Voice agents bill on a completely different rate card from text chat, and the gap is wide enough that engineers used to text-token economics routinely under-budget realtime deployments by 4-6x. As of June 2026, gpt-5.5-realtime — the conversational endpoint that streams audio in and audio out over a persistent WebSocket — bills audio input at $40.00 per 1M tokens and audio output at $80.00 per 1M tokens. That is 8x the text input rate ($5.00) and ~2.7x the text output rate ($30.00) on the same underlying model. Mixed-modality sessions are billed per stream: a turn where the user speaks and the model replies with audio plus a tool-call text payload generates audio input tokens, audio output tokens, and a small text output charge in the same invoice line.

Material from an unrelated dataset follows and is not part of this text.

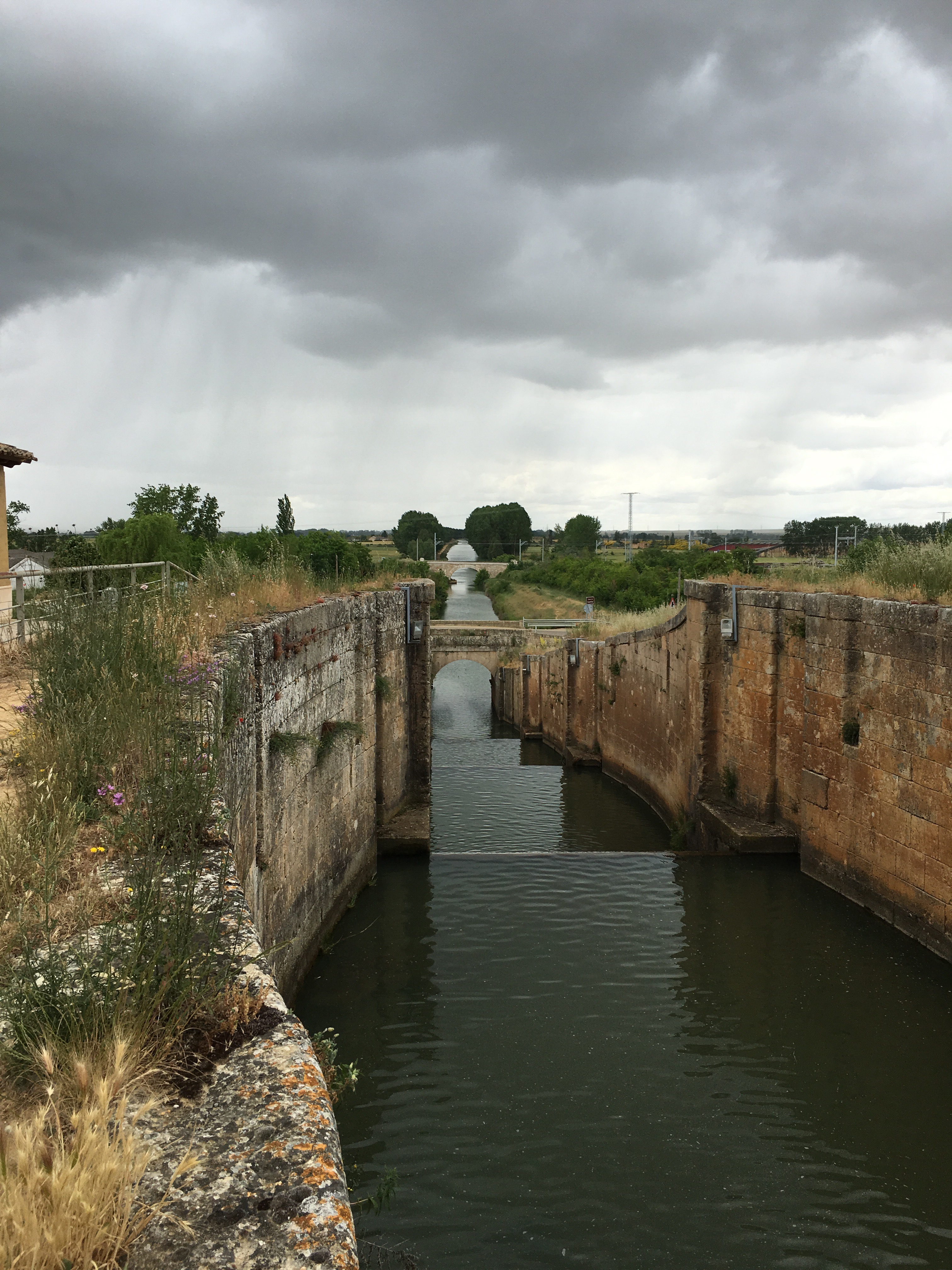 At some point in the day we met two men pushing a pram, filled with puppies.  They spoke enough English to tell us we could take a photo for a donation. We did. It rained a bit on and off, but walking along Canal de Castilla was beautiful.  Such color. I want to stop and paint everything (lessons here we come again).

Audio tokens are not characters or seconds — they are a discrete chunked representation of the waveform. The current rule of thumb is roughly 1 audio token per 0.1 seconds of speech at the standard 24kHz sample rate, which works out to ~600 audio tokens per minute of speech in each direction. For a sanity check on input bills, take the speaker's wall-clock minutes, multiply by 600, divide by 1,000,000, and multiply by $40. A 10-minute customer-service call where the user speaks for 4 minutes and the agent speaks for 6 minutes generates ~2,400 input audio tokens and ~3,600 output audio tokens. That is (2,400/1,000,000 × $40) + (3,600/1,000,000 × $80) = $0.096 + $0.288 = $0.384 per call before any tool-use or text overhead.
Worked example — a 5-minute voice agent call. Assume a realistic split: the user speaks for 2 minutes (1,200 input audio tokens), the agent speaks for 3 minutes (1,800 output audio tokens), and the agent also runs two tool calls returning ~400 text output tokens of structured arguments and ~600 text input tokens of tool results echoed back into context. Audio input: 1,200/1M × $40 = $0.048. Audio output: 1,800/1M × $80 = $0.144. Text output (tool calls + final text fragments): 400/1M × $30 = $0.012. Text input (tool results + system prompt of ~1,500 tokens): 2,100/1M × $5 = $0.0105. Total: ~$0.215 per 5-minute call, or roughly $2.58 per hour of live voice. Run 1,000 calls a day and the realtime bill alone is ~$6,450/month — before transcription, before logging, before any LLM fallback.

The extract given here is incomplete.